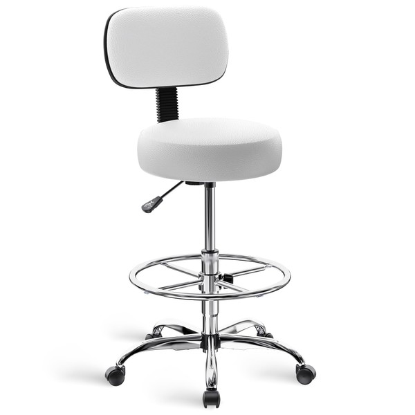 SUPERJARE Drafting Chair with Back, Adjustable Foot Rest Rolling Stool, Multi-Purpose Office Desk Chair, Thick Seat Cushion for Home Bar Kitchen Shop - White
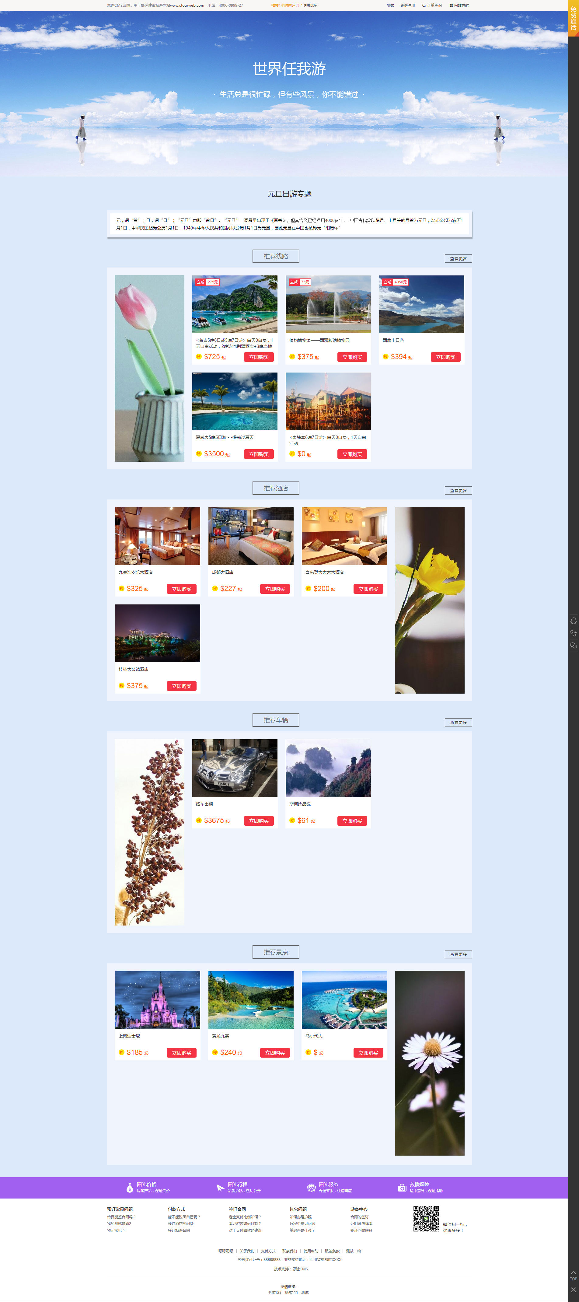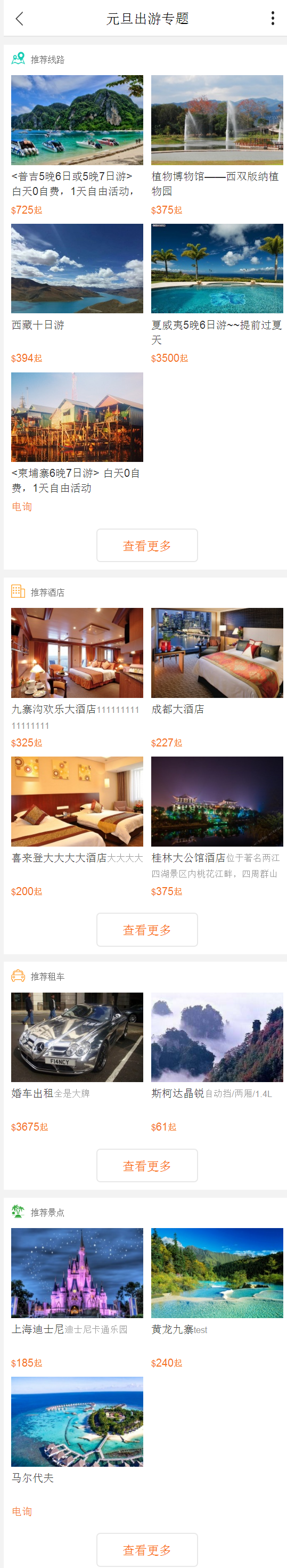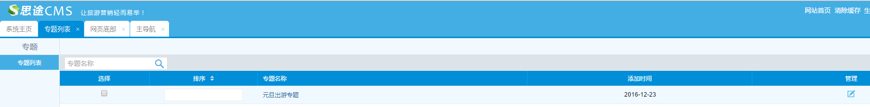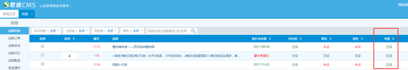 PS:需要添加產品以后,才會有內容顯示,目前專題支持四個產品:線路、酒店、租車、景點
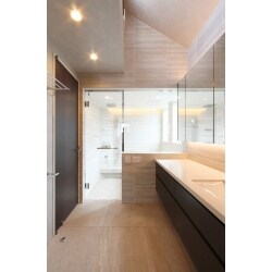 制約が多い一般的なメーカーのユニットバスでは、お客様の理想のバスルームの実現が難しかったので、すべてオーダーで作れるメーカーをご提案しました。 バスタブはもちろん、タイルやドア、水栓などすべてお客様のこだわりのもので製作しました。

* [Instructions for the task]: Without including any picture, reproduce the material above word for word.

* [Answer to this exercise]:
 SUPERJARE Drafting Chair with Back, Adjustable Foot Rest Rolling Stool, Multi-Purpose Office Desk Chair, Thick Seat Cushion for Home Bar Kitchen Shop - White
 PS:需要添加產品以后,才會有內容顯示,目前專題支持四個產品:線路、酒店、租車、景點
 制約が多い一般的なメーカーのユニットバスでは、お客様の理想のバスルームの実現が難しかったので、すべてオーダーで作れるメーカーをご提案しました。 バスタブはもちろん、タイルやドア、水栓などすべてお客様のこだわりのもので製作しました。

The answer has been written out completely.